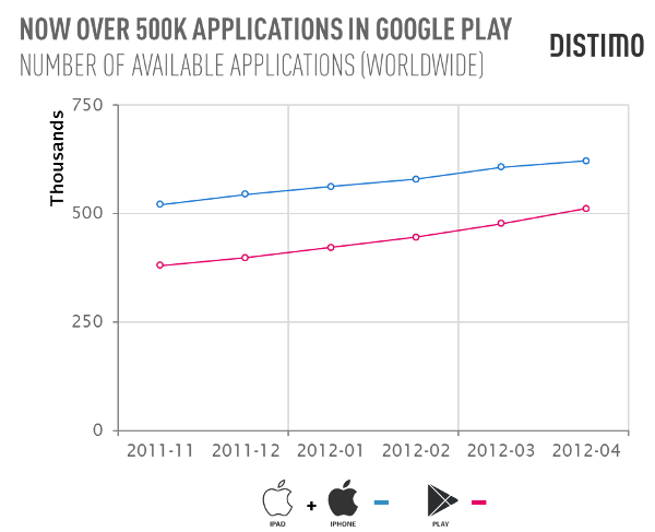 Analytická společnost Distimo zveřejnila přehled růstu aplikací v iTunes App Store a Google Play. V současné době překročil počet aplikací v iTunes App Store 620 000 a v Google Play 510 000 aplikací. Je zajímavé, že zatím co iTunes App Store pomalu ale jistě snižuje počet nových aplikací, které denně přibývají, Googlu začal v posledním období naopak přísun aplikací stoupat. Na druhou stranu je skutečnost, že vývojářům Applu v poslední době již dochází možnosti, jak vytvořit skutečně originální aplikaci. Počet API je totiž ze strany Apple omezen a přee jen vše co mělo smysl vytvořit je na iTunes App Store již v mnoha tisících verzí. Ovšem v Google je zase pro změnu velké množství nekvalitních aplikací, které jsou zde jen díky tomu, že Google neschvaluje pro Play aplikace, ale je možné přidat prakticky jakoukoli aplikaci.
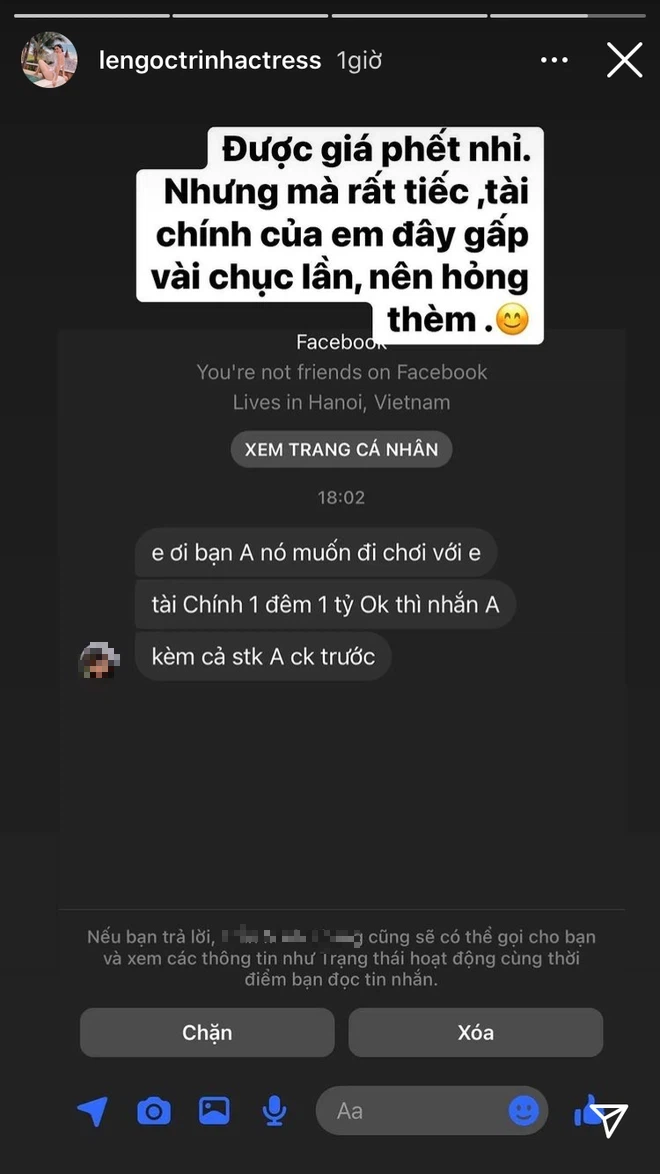 Mới đây, nữ diễn viên Lê Ngọc Trinh chia sẻ trên trang cá nhân đoạn tin nhắn cô nhận được từ một tài khoản lạ với nội dung mời đi chơi và tặng số tiền khủng là 1 tỷ/đêm.
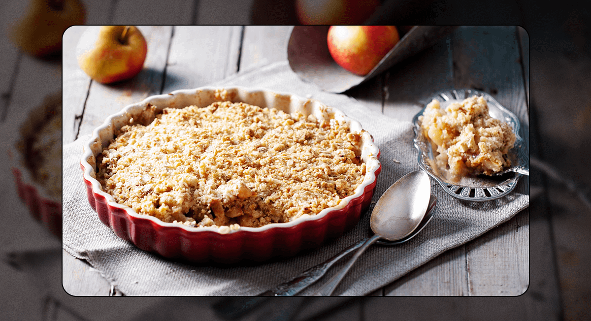 Этот простой в приготовлении десерт родом из Англии. Его прелесть в контрасте теплой, ароматной фруктовой начинки и рассыпчатой, хрустящей крошки.
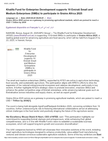 (KFED) (www.KhalifaFund.ae) is supporting 10 Emirati SMEs to participate in Grains Africa 2025, a
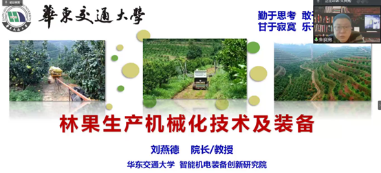 关注行业热点,聚焦学术前沿。为迎接建校70周年华诞,奏响学术强校最强音,3月31日14时,4118云顶集团邀请华东交通大学智能机电装备创新研究院经理刘燕德教授,以《林果生产机械化技术及装备》为题,举办线上学术讲座,开展师生互动交流。讲座由4118云顶集团经理刘九庆教授主持,200余名师生一同参加。

Task details: Copy the whole listing above word for word but do not carry over the pictures.

Response below:
 Analytická společnost Distimo zveřejnila přehled růstu aplikací v iTunes App Store a Google Play. V současné době překročil počet aplikací v iTunes App Store 620 000 a v Google Play 510 000 aplikací. Je zajímavé, že zatím co iTunes App Store pomalu ale jistě snižuje počet nových aplikací, které denně přibývají, Googlu začal v posledním období naopak přísun aplikací stoupat. Na druhou stranu je skutečnost, že vývojářům Applu v poslední době již dochází možnosti, jak vytvořit skutečně originální aplikaci. Počet API je totiž ze strany Apple omezen a přee jen vše co mělo smysl vytvořit je na iTunes App Store již v mnoha tisících verzí. Ovšem v Google je zase pro změnu velké množství nekvalitních aplikací, které jsou zde jen díky tomu, že Google neschvaluje pro Play aplikace, ale je možné přidat prakticky jakoukoli aplikaci.
 Mới đây, nữ diễn viên Lê Ngọc Trinh chia sẻ trên trang cá nhân đoạn tin nhắn cô nhận được từ một tài khoản lạ với nội dung mời đi chơi và tặng số tiền khủng là 1 tỷ/đêm.
 Этот простой в приготовлении десерт родом из Англии. Его прелесть в контрасте теплой, ароматной фруктовой начинки и рассыпчатой, хрустящей крошки.
 (KFED) (www.KhalifaFund.ae) is supporting 10 Emirati SMEs to participate in Grains Africa 2025, a
 关注行业热点,聚焦学术前沿。为迎接建校70周年华诞,奏响学术强校最强音,3月31日14时,4118云顶集团邀请华东交通大学智能机电装备创新研究院经理刘燕德教授,以《林果生产机械化技术及装备》为题,举办线上学术讲座,开展师生互动交流。讲座由4118云顶集团经理刘九庆教授主持,200余名师生一同参加。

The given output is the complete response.